Since I finished my master's thesis, I have not purchased any milk. We did buy a soy-milk maker which works pretty well, but no more cow juice for this family.
So where do we get our calcium? (I'm ready to return to the calcium topic after counting to 10 so as not to do bad things to the dairy council). Everyone in the family takes a calcium supplement (just to be safe), but I don't know that they are really needed. There are three components to building bone (not just drinking milk like the dairy industry would have you think).
First, your bones need a stimulus to build. Our bodies are incredible, they rebuild themselves based on how they are being used. Bones bend (just slightly) when they impact the ground or bear more weight than usual. The bending of the bone stimulates bone growth and inhibits bone breakdown. The absence of bone bending promotes bone breakdown and inhibits bone growth. In order to grow strong bones you must participate in weight bearing exercise (running, walking squats, etc.) Notice that swimming and cycling are NOT on that list, that is because they aren't weight bearing and many swimmers and cyclists actually have relatively weak bones because they aren't stressed enough to make them bend. So if you're here from fatty's, and you ride regularly, you need to be doing something else (like running or jumping) to stress your bones.

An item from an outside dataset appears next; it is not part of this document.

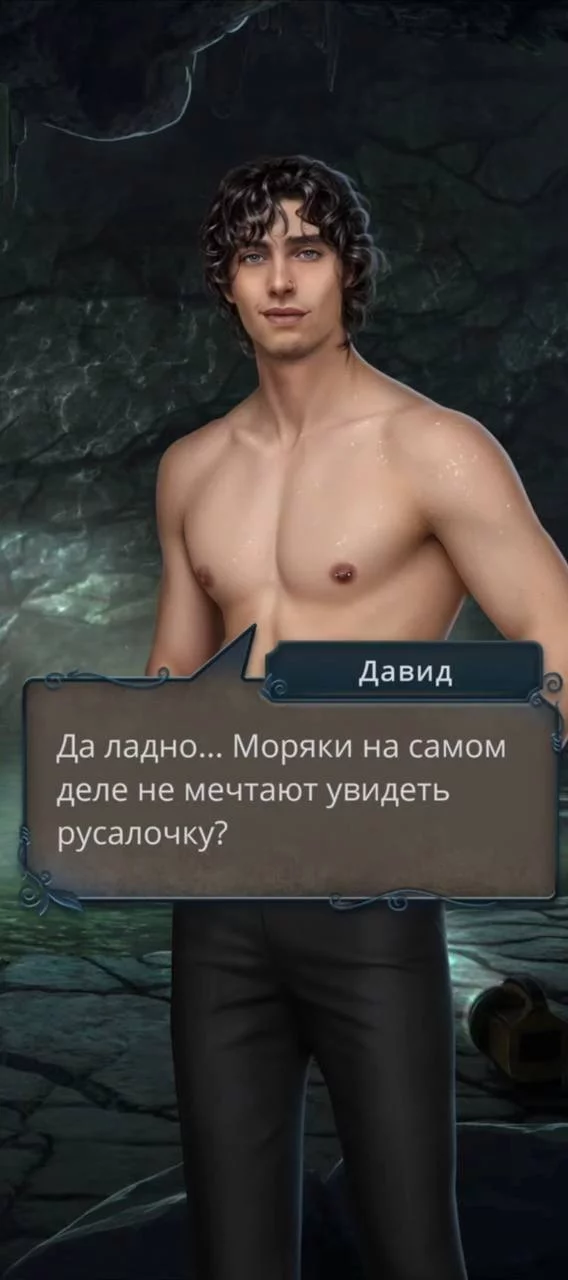 Помощник капитана перестал реагировать на окружающий мир. Не меняя позы, он смотрел перед собой и, кажется, перестал даже моргать. Давид пошутил, что моряки должны мечтать увидеть русалочку, но Одри ответила, что мечтать и увидеть — очень разные вещи. Помощник не смог бы плыть, потому что не мог даже закрыть рот и вытереть слюну. Давид решил плыть без него, чтобы капитан сам забрал его позже. Одри была категорически против. Фелония решила, что проще забрать с собой мужчину, чем уговорить Одри оставить его в пещере. Она взяла помощника за шкирку, словно котенка, подтащила к берегу и нырнула. Давид обратился к Одри, сказал, что сейчас ее очередь. Взглянув на воду, девушка вдруг ощутила, что ей тоже страшно.

Second, your body needs to be neutral (as in not acidic). The typical American diet is very acidic. In order for your blood to remain at a constant pH, your body uses a buffer called calcium bicarbonate. Calcium bicarbonate comes from your bone matrix, is used to buffer acidity and is then excreted in the urine. The most acidic foods are colas, processed foods and meats, especially processed meats like ham, bacon, sausage and bologna. The most basic (as in alkaline) foods are fruits and vegetables. Even citrus fruits have a net basic effect on the body (I don't understand this, but I've heard it from several different sources, so I've accepted it). Grains are acidic, but not as acidic as meats. The best thing that you can do for your bones is eat lots of fruits and vegetables (as long as you already exercise).

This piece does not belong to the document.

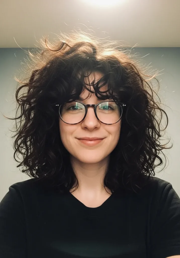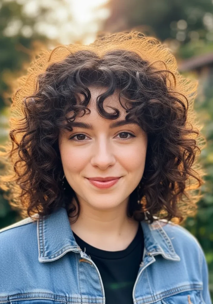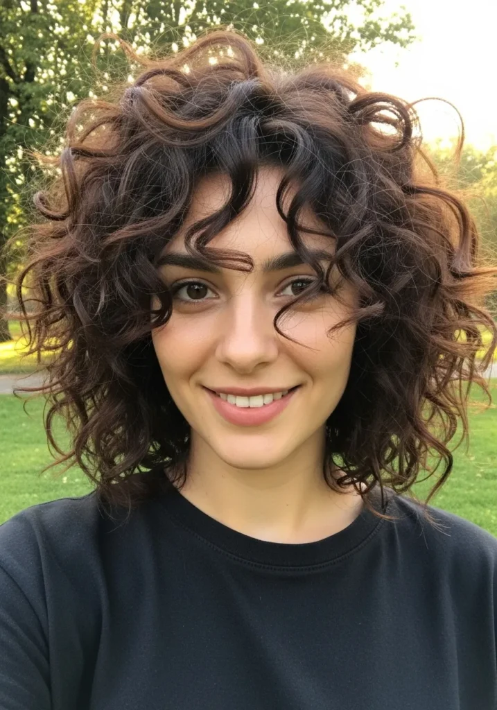 I love this kind of curly lob because it has that perfectly undone energy that still looks intentional. The bangs make the whole style feel quirky and cute in the best way, and the length is short enough to feel fresh but long enough to avoid the awkward curl shrinkage moment we all know too well. It’s the kind of style that makes me feel like I woke up with naturally magical hair even on the days when my curls have a mind of their own.

Third, your body needs a source of calcium. Fruits and vegetables do contain some calcium (not much and it's not easily absorbed), and this may or may not be enough to build strong bones (that is why my family supplements). There is a limit to the amount of calcium your body can absorb in a day, so mega dosing calcium will just make for calcified poop. I don't want to downplay calcium intake, you have to have it, but if you're mega dosing on calcium and eating an acidic diet, you are still flushing most of the calcium down the toilet.
I chose that order for bone health on purpose... exercise, basic diet and calcium intake. It takes all three.
I think that is all that I have to say about milk. Tomorrow I will talk about the performance enhancing effects of baking soda. It should be exciting.